Why does the argument focus on L² convergence instead of pointwise convergence?
How does density of step functions in L² get proved?
What role does orthogonality play in the final convergence step?
Why is the approximation by a step function H enough to prove convergence for an arbitrary f?
How does Parseval’s identity connect to L² convergence?
Review Questions
- What two density results are used to reduce the general L² case to step functions, and how is uniform continuity used in the step-function construction?
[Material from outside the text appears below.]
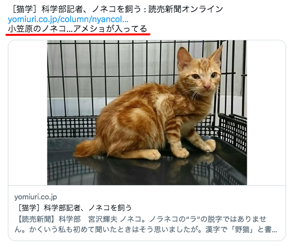 小笠原のノネコとして捕獲されたネコを飼う、読売新聞記者の記事がありました。

- Where exactly does orthogonality enter the proof, and how does it produce a Pythagorean-type estimate for the L² error?
- Why does the final argument yield L² convergence rather than pointwise convergence?
Key Points
- 1
Fourier series for 2π-periodic functions in L² converge to the function in the L² norm, meaning ||f−f_n||₂→0 as n→∞.
- 2
L² convergence is equivalent to Parseval’s identity holding for all L² functions, linking Fourier coefficients to the function’s energy.
- 3
Continuous 2π-periodic functions are dense in L², so any L² function can be approximated arbitrarily well in L² by a continuous one.
- 4
Uniform continuity of a continuous approximation on [−π,π] enables constructing a step function H whose values track G on each small subinterval.
- 5
A step function H is built by taking the supremum of G on each subinterval, ensuring |G−H| is small except at finitely many boundary points.
- 6
Fourier partial sums act as orthogonal projections in L², and orthogonality yields a generalized Pythagorean control of the approximation error.
- 7
Combining density (f≈H) with Fourier convergence for step functions (H≈f_n(H)) forces the error for f to vanish in the L² norm.